The Environmental Protection Agency (EPA) has always had an awkward role in the federal government. Created much later than other executive departments — in 1970, by a grudging President Richard Nixon — the EPA isn’t even in the official Cabinet. Its official mission is to “protect human health and the environment,” and since business activity — through pollution and energy and resource use — tends to be the biggest threat to health and the environment, the EPA often finds itself in the crosshairs of conservative critics, while environmentalists often complain the agency does too little to protect the planet. There may not be a more thankless job in the federal government than EPA Administrator.

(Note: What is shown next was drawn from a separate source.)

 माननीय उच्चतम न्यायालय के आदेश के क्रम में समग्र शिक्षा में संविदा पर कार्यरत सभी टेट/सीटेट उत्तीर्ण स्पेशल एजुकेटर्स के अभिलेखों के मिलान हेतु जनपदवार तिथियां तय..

But the EPA has changed the country — and it’s done so for the better. When the EPA was created at the dawn of the 1970s, the U.S. was an ecological mess. Poisoned smog cloaked cities like Los Angeles and New York. Rivers were full of industrial waste — TIME described Ohio’s highly flammable Cuyahoga as the river that “oozes rather than flows.” Monsters cars guzzled gas and expelled lead fumes.
That’s the country that the Searching for the Seventies: Documerica Photography Project captures. Documerica was created by the EPA as an effort to document the country’s environmental crisis — the project draws from more than 20,000 images in the National Archives — and it does so with verve. The water coolers of a power plant, belching steam, loom over the backyard of a house in West Virginia. Old refrigerators litter the land around the Queens neighborhood of Breezy Point — later destroyed by superstorm Sandy — in New York. Gasoline stations pumped dry by the fuel crisis sit tagged by graffiti. These are images from an America that seems further away from us than it really is, one that’s grimier and poorer. The sweat and the dirt and even the air is visible.
But these images throb with life. The EPA didn’t set out to make art — that’s not exactly in the agency’s mission statement — but the photographers did just that, capturing ordinary Americans in the midst of a transitory era, as the industrial and the rural gave way to the country we know today. In many ways that country is a better one, a cleaner one — thanks in no small part to the work of the EPA. But there’s a startling beauty to the 1970s — bad haircuts and fashion aside — that’s been lost in the decades since. Thanks to Documerica — and the EPA — at least we have these memories.
‘Searching for the Seventies: The Documerica Photo Project’ opens March 8 at the Lawrence F. O’Brien Gallery of the National Archive Building in Washington D.C. A book featuring the work is also available from D. Giles Ltd.